Collected data entries
- - - -

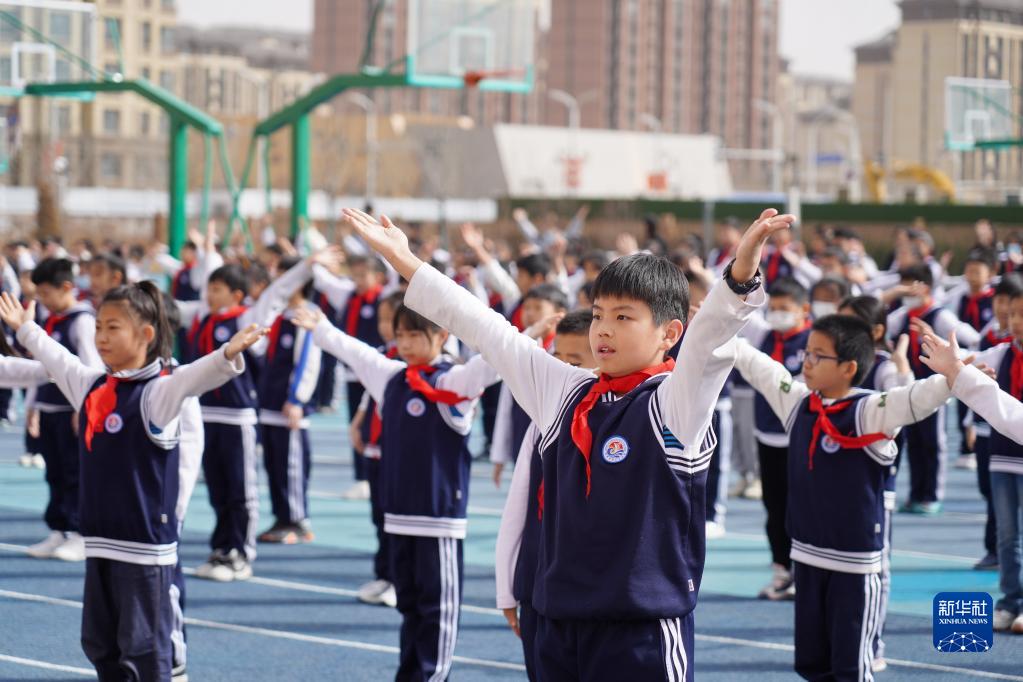 雄安新區容西片區云溪小學(xué)的學(xué)生在操場(chǎng)上做操(2023年3月23日攝)。新華社記者 牟宇 攝
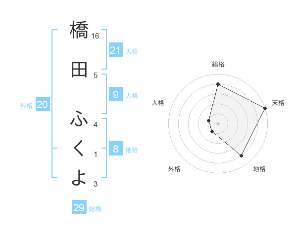 橋田 ふくよさんを姓名の画数から五運を鑑定
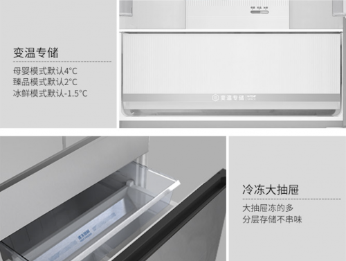 更重要的是,为满足人们日益丰富的存货品类,这款冰箱在拥有大容积的同时,内部分区也大有乾坤,能够实现三档变温,针对婴儿辅食、干货臻品或者生鲜肉类,分别对应4℃、2℃及-1.5℃三种模式,让每一种食材都能在适应的温度下得到妥善存储,真正实现一台冰箱全家安心。
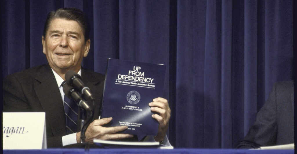 Work-based welfare systems are effective in reducing poverty. Before welfare reform in the 1990s, single-parent poverty had remained static for decades. Welfare reform replaced a welfare program without work requirements (Aid to Families with Dependent Children) with a program that partially required work (Temporary Assistance to Needy Families). As a result, poverty among single-parent families fell by two-thirds.
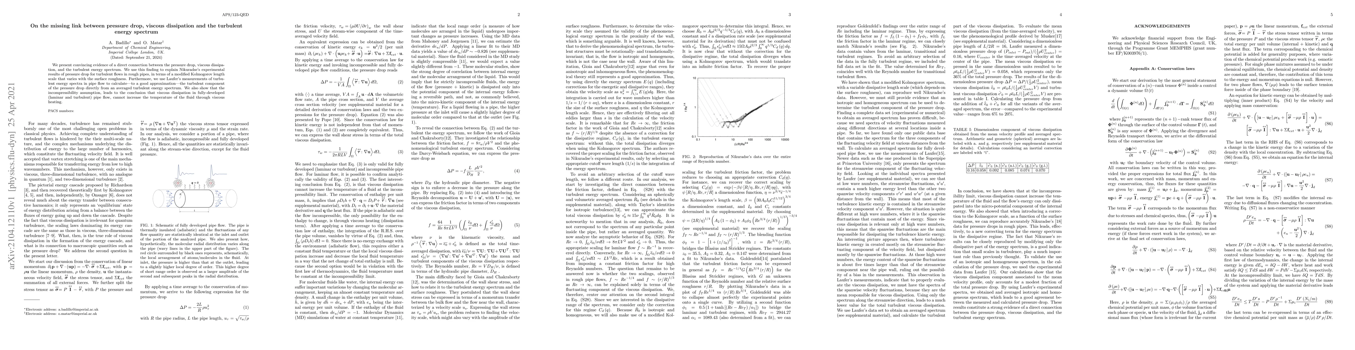 This paper establishes a direct link between pressure drop, viscous dissipation, and the turbulent energy spectrum, explaining Nikuradse's pressure drop results in rough pipes via a modified Kolmogorov length scale. It also approximates the turbulent component of pressure drop from an averaged turbulent energy spectrum, concluding that viscous dissipation does not increase fluid temperature in fully-developed pipe flow.
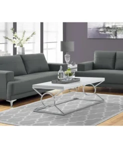 If you need a statement piece to anchor but not overwhelm your living room, then this coffee table with a contemporary twist will fit in nicely. The thick glossy white rectangular tabletop is spacious enough to rest a tray, hold some magazines or a decorative object. The chrome metal base with a unique circle intersected by an X leg design and solid base gives it a fashionable appeal. The classic lines of this coffee table will suit most decor styles. Assembly is required.. Thick and spacious glossy white table top. Solid chrome metal base with distinct circle and x-leg side supports for a stylish look. Contemporary design with a classic appeal. Statement worthy coffee table for a living room, family room, den, or office space.
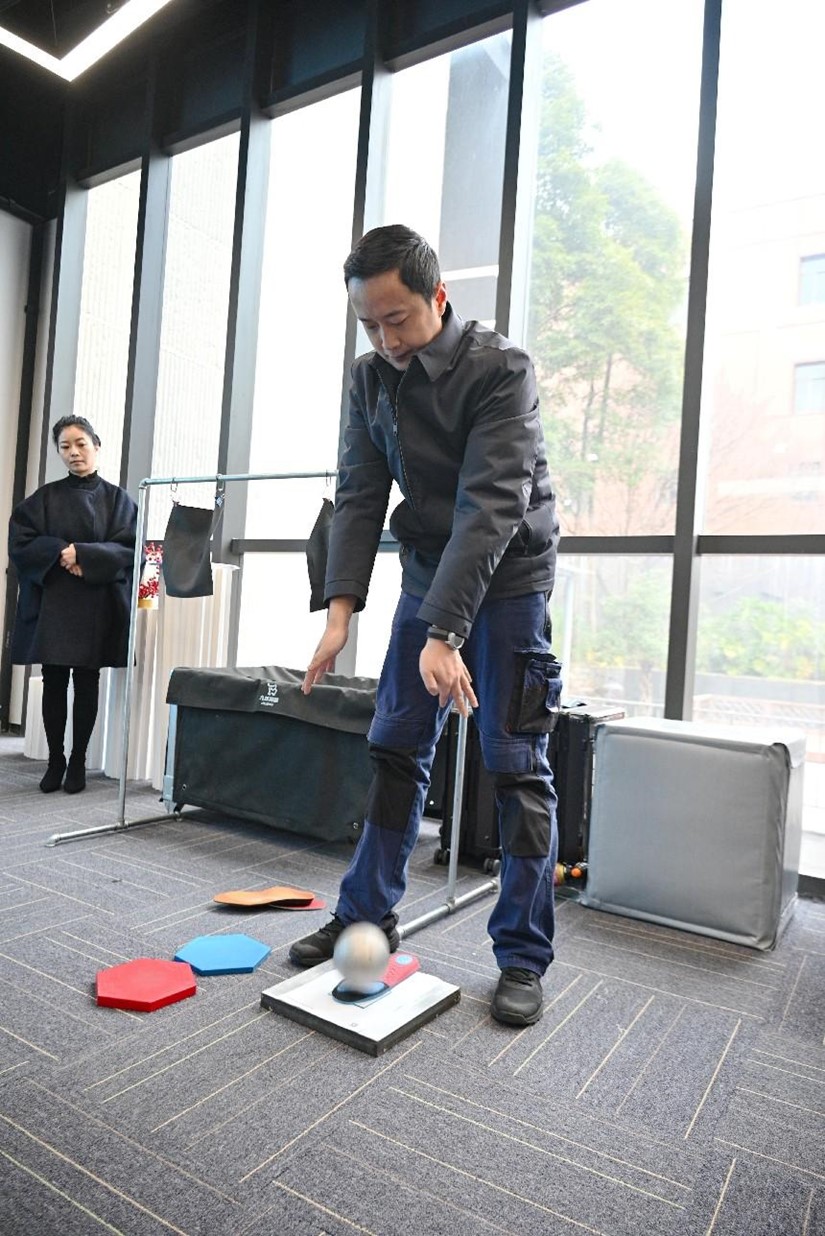 “从外观看,这确实是个普通鞋垫。但我们在鞋垫中加入了仿生吸能超材料,可以瞬间吸收97.1%的冲击力,因此玻璃才能受强力冲击而完好无损。97.1%这一数据,在全球都处于领先地位。”尹勇表示。
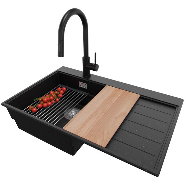 PRIMAGRAN Granitspüle Schwarz Metallic 78x50cm, Spülbecken 1 Becken + Küchenarmatur 40x20cm + Ablauf-Set + Küchenzubehörset, Küchenspüle ab 45er Unterschrank - Sydney
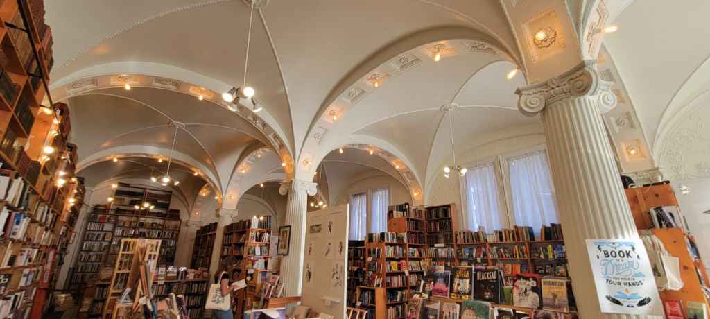 On a sunny Sunday, I visited Arundel, the bookstore located on the corner of an impeccably preserved old building. Its large windows invite you to enter, and once inside, the white columns, domed ceilings, and neat shelves create an elegant atmosphere, with an air of solemnity and good taste that surrounds the entire space. Although the real stars there are the books and art.
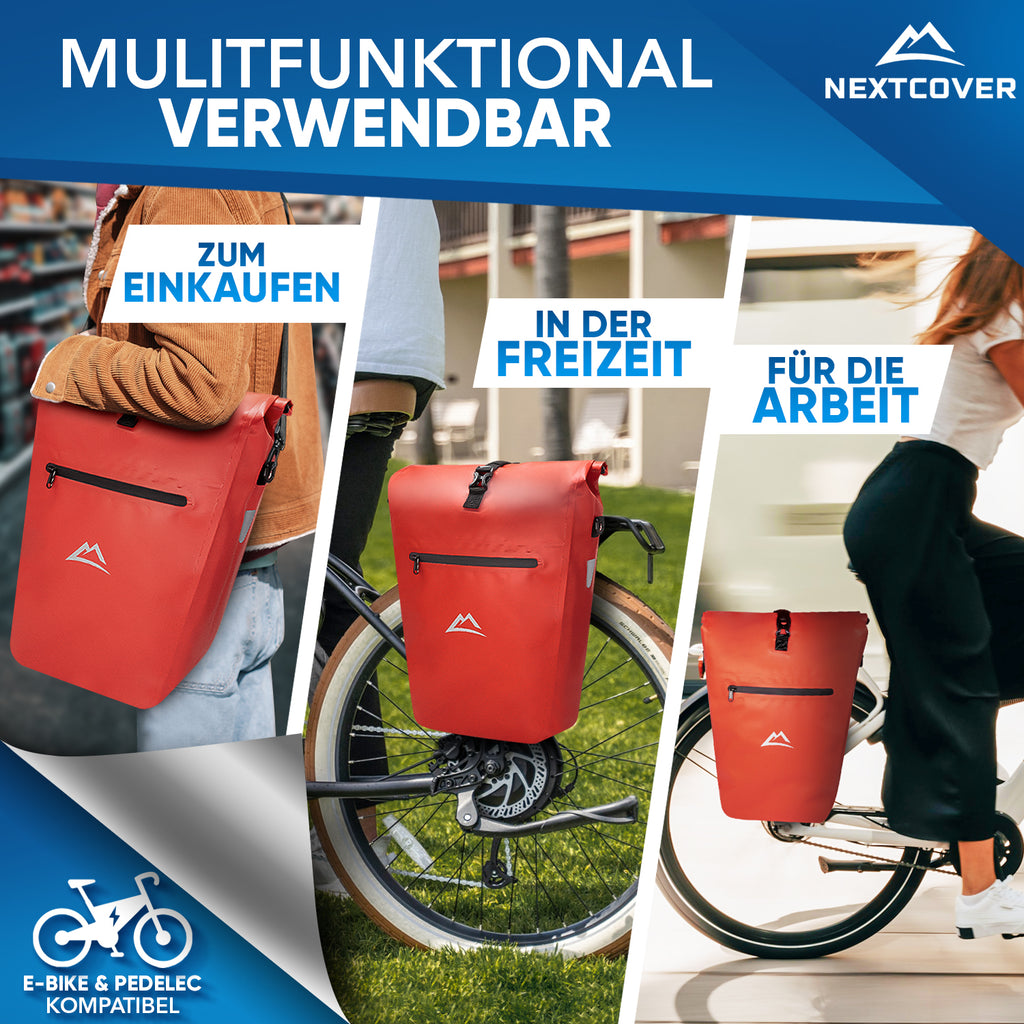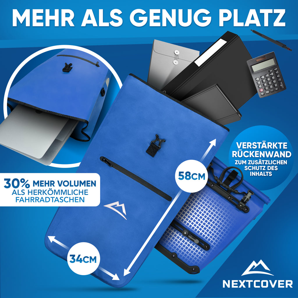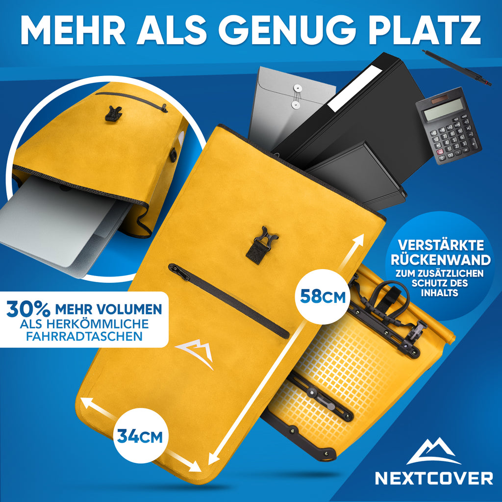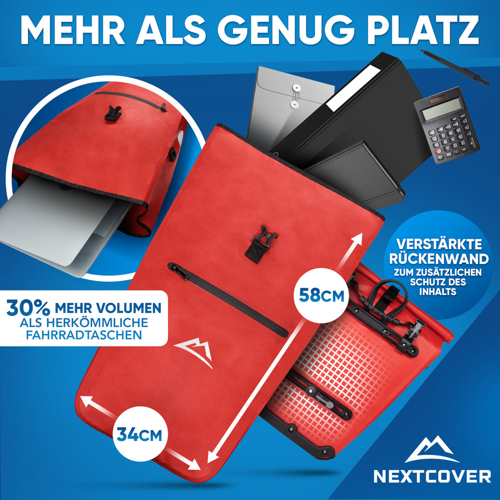 Mit 27L Volumen bietet unsere stylische Gepäckträgertasche 30% mehr Platz als herkömmliche Fahrradtaschen - Inkl. praktischem Tragegriff & abnehmbarem Schultergurt mit Polsterung.
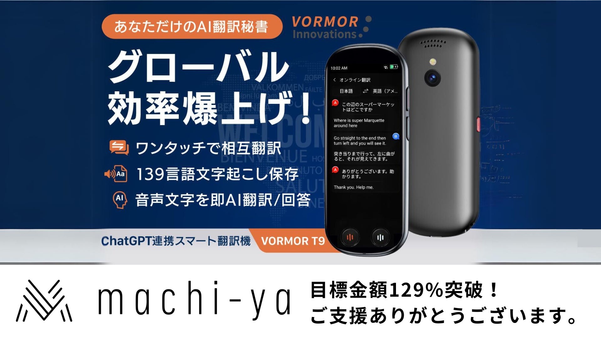 業界初※1のChatGPT連携機能が話題のスマートAI翻訳機「VORMOR T9」がmachi-yaで目標金額の129%を突破!
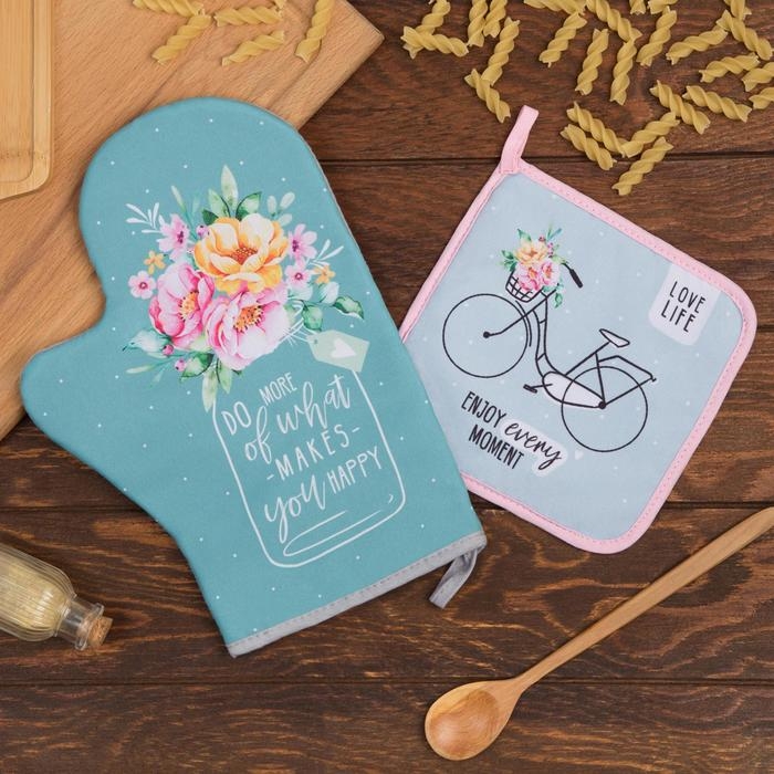 Набор кухонный «Цветочное настроение» варежка-прихватка 20х28см, прихватка 17х17см, 35% х/л,65%

- - - -

-- TASK TO CARRY OUT --
A verbatim reproduction is expected: starting at the line above that has "更重要的是,为满足人们日益丰", ending at the line that has "This paper establishes", both included, and with no pictures and no other lines.

-- OUTPUT OF THE EXERCISE --
 更重要的是,为满足人们日益丰富的存货品类,这款冰箱在拥有大容积的同时,内部分区也大有乾坤,能够实现三档变温,针对婴儿辅食、干货臻品或者生鲜肉类,分别对应4℃、2℃及-1.5℃三种模式,让每一种食材都能在适应的温度下得到妥善存储,真正实现一台冰箱全家安心。
 Work-based welfare systems are effective in reducing poverty. Before welfare reform in the 1990s, single-parent poverty had remained static for decades. Welfare reform replaced a welfare program without work requirements (Aid to Families with Dependent Children) with a program that partially required work (Temporary Assistance to Needy Families). As a result, poverty among single-parent families fell by two-thirds.
 This paper establishes a direct link between pressure drop, viscous dissipation, and the turbulent energy spectrum, explaining Nikuradse's pressure drop results in rough pipes via a modified Kolmogorov length scale. It also approximates the turbulent component of pressure drop from an averaged turbulent energy spectrum, concluding that viscous dissipation does not increase fluid temperature in fully-developed pipe flow.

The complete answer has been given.